Поразительное дело: всего за месяц до начала наступления Красной Армии с приодерских плацдармов на Берлин я еще съездил 18 марта 1945 года на поезде в Фюрстенберг и обратно; наверное, это был последний раз. (Точное число не означает, что я его тогда запомнил. А дело в том, что в книгах о событиях Второй мировой войны есть дата жуткой бомбардировки 15 марта городка Ораниенбург под Берлином, через который проходил поезд на Фюрстенберг. Несколько сот летающих крепостей В-29 стерли там с лица земли завод цветных металлов «Ауэр гезелльшафт», потому что разведка американского атомного проекта узнала, что туда были вывезены из Франции радиоактивные материалы. Сильно пострадал, разумеется, и город; в находившийся рядом концлагерь Заксенхаузен тоже попали бомбы. А я хорошо помню, что ехал в воскресенье после этой бомбежки, о которой в вагоне почему-то все знали.)

Отделение вагона было переполнено, пассажиры, почти сплошь женщины; довольно громко, уже не стесняясь, говорили о погибших и о том, что война проиграна и бессмысленно ее продолжать. Среди ехавших был военный, он стал неуверенно стыдить плачущую женщину, — дескать, надо верить до конца в фюрера и в победу. И тут с ней сделалась настоящая истерика. Женщина рыдала, другие пытались ее успокоить, а она выкрикивала, что пусть фюрер, который погубил в концлагерях (!) и на войне столько людей, всю молодежь Германии, катится к дьяволу. (Вот такое страшное ругательство...) А если кому этот бездарный фюрер еще не надоел, тот пусть катится вместе с ним!

Пожилые женщины долго ее успокаивали, а военный стушевался и выбрался из вагона на первой же остановке. Полиция или гестапо не появились.

Через несколько дней или, может быть, через неделю после этой невеселой сцены майстер Хефт взял меня с собой на грузовой машине что-то привезти на фабрику. И по дороге спрашивал с подковыркой, что я себе думаю — а как будет дальше? Если сюда придут русские? Они тебя, пожалуй, не погладят по головке...

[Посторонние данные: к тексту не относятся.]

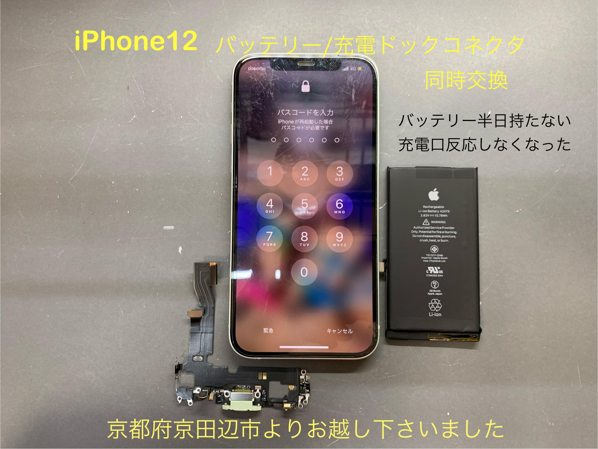 今回ご紹介させて頂きますiPhone 修理は京都府京田辺市からお越しのお客様よりiPhone 12のバッテリーと充電口(ドックコネクタ)な同時に交換のご依頼を頂きました。

Соблюдая «конспирацию», я ответил что-то вроде того, что как же это придут? Вот ведь ваш Гитлер обещал поразить всех секретным оружием. Так, наверное, пора ему? А то ведь действительно придет Красная Армия, придут американцы и англичане, а мы, господин майстер, вон сколько машин для вермахта вместе с вами наворочали, замечательные газогенераторы им пристроили...

В общем, «политической договоренности» у нас с ним получиться тогда не могло. О чем жалею, потому что до прихода фашистов к власти майстер Хефт был в компартии Германии (или, может быть, в комсомоле). И могу себе представить, что он на самом деле думал о Гитлере и о приближающемся конце войны.

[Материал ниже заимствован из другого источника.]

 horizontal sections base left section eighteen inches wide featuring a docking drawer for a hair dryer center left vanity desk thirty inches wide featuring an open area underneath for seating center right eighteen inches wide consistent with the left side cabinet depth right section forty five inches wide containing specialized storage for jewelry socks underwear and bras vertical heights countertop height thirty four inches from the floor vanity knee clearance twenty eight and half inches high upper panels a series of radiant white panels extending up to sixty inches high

Однако же фронт остановился. Стоит на месте уже около двух месяцев. И, по правде говоря, мысли в голову лезли всякие. А вдруг наши сюда не придут? Ведь вот американцы Францию освободили, а теперь тоже который месяц топчутся. Ведь такая сила, а ничего поделать не могут. А вдруг у немцев и правда вот-вот появится какое-то страшное оружие, и тогда они опять...

В какой-то день вот такого смутного времени мастер велел мне сделать из стального проката консольную опору для какой-то балки, выдолбить для нее в стенке цеха гнездо и забетонировать ее туда. Провозился я с этим день или два, а когда все было почти готово, вдруг ни с того ни с сего придумал — оставить в стене записку со своим именем. Ну, «на всякий случай». Отыскал где-то клочок бумаги, карандаш. Написал свои имя и фамилию, что я из Харькова и еще какие-то, наверное, «возвышенные» слова. Нашел у кого-то коробочку, может быть спичечную или пачку от сигарет, точно не помню, и в ней, никому не сказав, замуровал в стенку это свое послание.

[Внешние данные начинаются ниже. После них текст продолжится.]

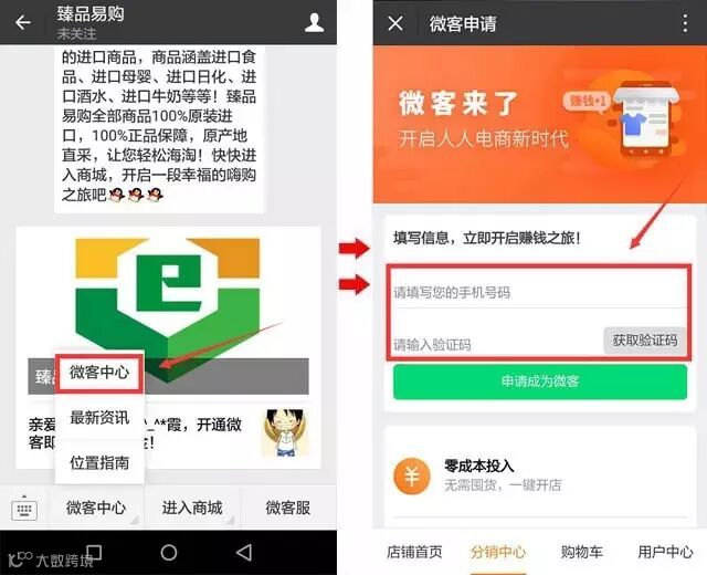 进入店铺内主动申请成为分销,还没关注的点击最上方蓝字关注后申请微客分销

Среди новых построек на той берлинской окраине шарашкина мастерская в девяносто четвертом году еще стояла. Если цела стена, то моя записка лежит в ней до сих пор.

Из нашей фюрстенбергской четверки в «генераторен-унд-моторен» Леша Смирнов был, наверное, самым тихим. Спецовка на нем всегда жутко замасленная. Ходит медленно, почти не разговаривает. Где его ни увидишь в цеху — он всегда к тебе спиной, а к кому лицом — непонятно. Такое впечатление, что ко всем спиной. Но когда с ним заговоришь и он обернется, то всегда приветливо улыбается. Леша добрый, всегда поможет товарищу, если что надо. Крольчатины из банки, уворованной в каких-то Gartenlauben, в садовых домиках, впервые дал мне отведать, между прочим, тоже он. Леша ездил вместе с Николаем, когда полковник Гайст таскал их зачем-то на полигон. А вот ко всей конспирации с Кривцовым и Мишей Сергеевым он, Леша, вроде бы никакого отношения не имел. Оно и понятно: увалень, не о том заботится.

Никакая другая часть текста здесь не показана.